[Start of Attachment]

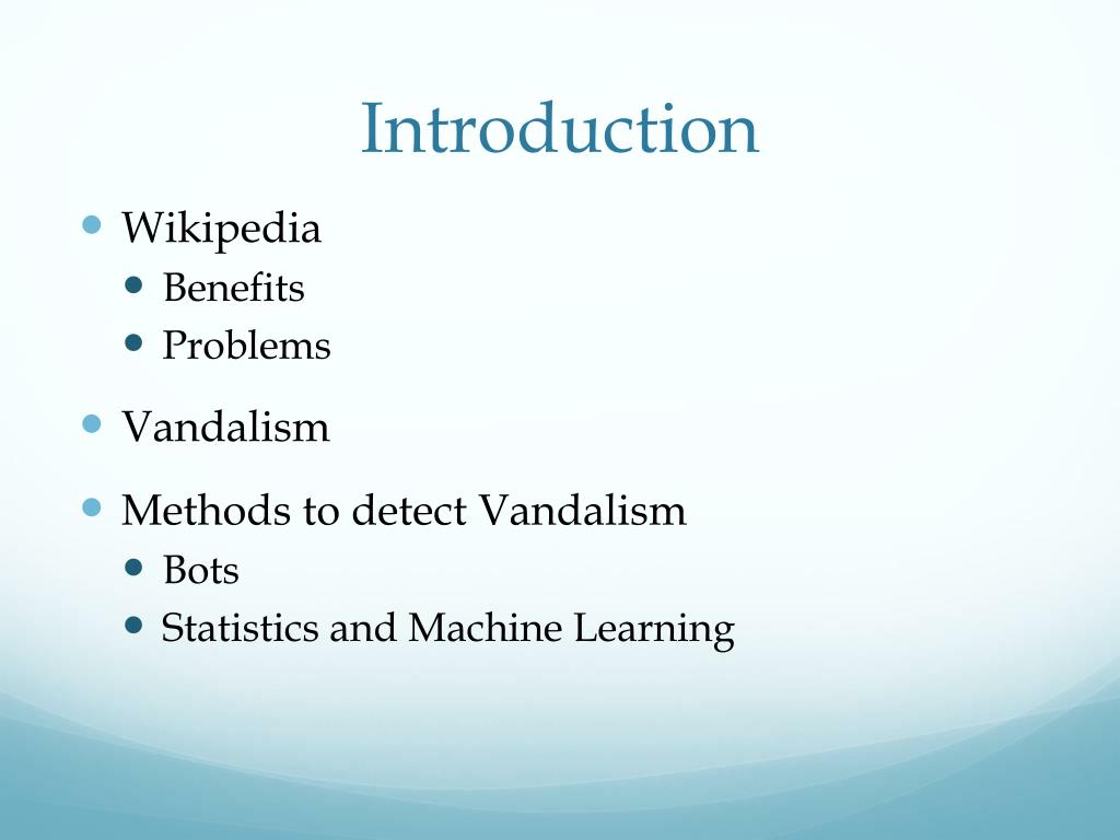 Introduction • Wikipedia • Benefits • Problems • Vandalism • Methods to detect Vandalism • Bots • Statistics and Machine Learning
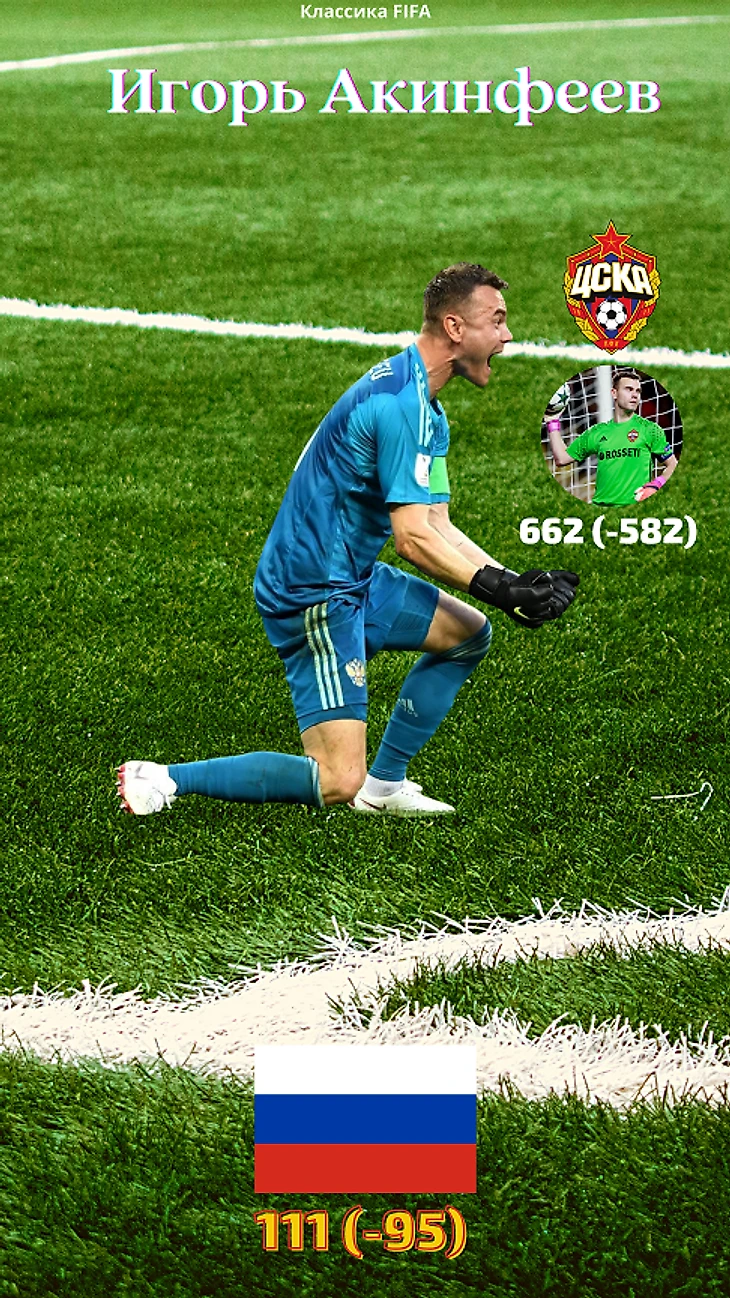 Вратарь – Игорь Акинфеев. Родился в Видном, Московской области. Воспитанник московского ЦСКА, всю жизнь играет за родной клуб. 6-кратный чемпион России, 6-кратный обладатель кубка России, 7-кратный обладатель суперкубка России, выиграл Кубок УЕФА в 2005 году. Занимает первое место по количеству матчей среди всех вратарей в России и странах бывшего СССР. Занимает первое место по количеству игр за ЦСКА за всю историю. Принимал участие в 4 Чемпионатах Европы и 2 Чемпионатах мира, вместе со сборной России занял 3 место на Евро-2008. Занимает второе место среди всех россиян по количеству игр в еврокубках. За сборную России провел 111 матчей, занимает второе место по этому показателю.
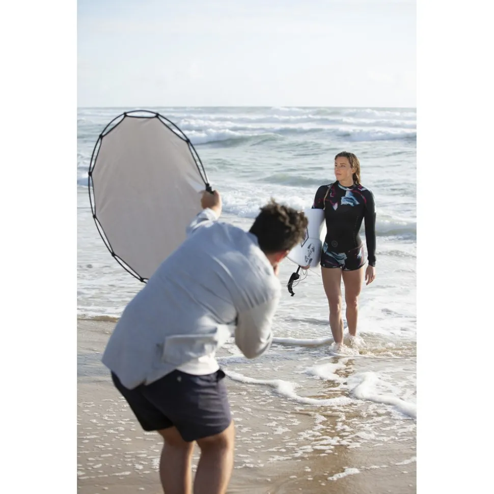 | The HaloCompact is a patent pending design concept that makes the everyday reflector and diffuser panel even more portable than ever! Unlike many traditional reflector/diffuser panels that incorporate a steel rim pop up design, the 82cm (32”) HaloCompact is constructed using Manfrotto By Manfrotto’s new innovative RapidExoframe technology. The collapsible lightweight aluminium frame quickly slots together and the reflector or diffuser fabric cover simply clips onto the frame. The cleverly designed RapidExoFrame construction allows the frame to breakdown into small multiple sections and along with the folded fabric packs into a carry case measuring only 6.5 x 27 x 6.5cm (2.5” x 10.5” x 2.5”) weighing only 335g (reflector and case). The new HaloCompact surfaces are available as full solutions with the RapidExoframe or as covers only for existing users who already have a frame. The Sunlite surface features a combination of silver and gold stripes offering a slightly warmer reflective tone than the standard full silver. Ideal for warming skin tones and shooting during golden hour, complementing the warm colours of the sun. The Soft Silver surface features an even combination of silver and white stripes, positioning its reflective qualities between a full silver and a full white surface. An ideal solution for adding that little bit of extraa fill when needed, whilst not being too overpowering. |

[End of Attachment]

**What the exercise asks:**
Reproduce the material above exactly, first line through the line that contains "Вратарь – Игорь", minus the pictures.

**Output of the task:**
 Introduction • Wikipedia • Benefits • Problems • Vandalism • Methods to detect Vandalism • Bots • Statistics and Machine Learning
 Вратарь – Игорь Акинфеев. Родился в Видном, Московской области. Воспитанник московского ЦСКА, всю жизнь играет за родной клуб. 6-кратный чемпион России, 6-кратный обладатель кубка России, 7-кратный обладатель суперкубка России, выиграл Кубок УЕФА в 2005 году. Занимает первое место по количеству матчей среди всех вратарей в России и странах бывшего СССР. Занимает первое место по количеству игр за ЦСКА за всю историю. Принимал участие в 4 Чемпионатах Европы и 2 Чемпионатах мира, вместе со сборной России занял 3 место на Евро-2008. Занимает второе место среди всех россиян по количеству игр в еврокубках. За сборную России провел 111 матчей, занимает второе место по этому показателю.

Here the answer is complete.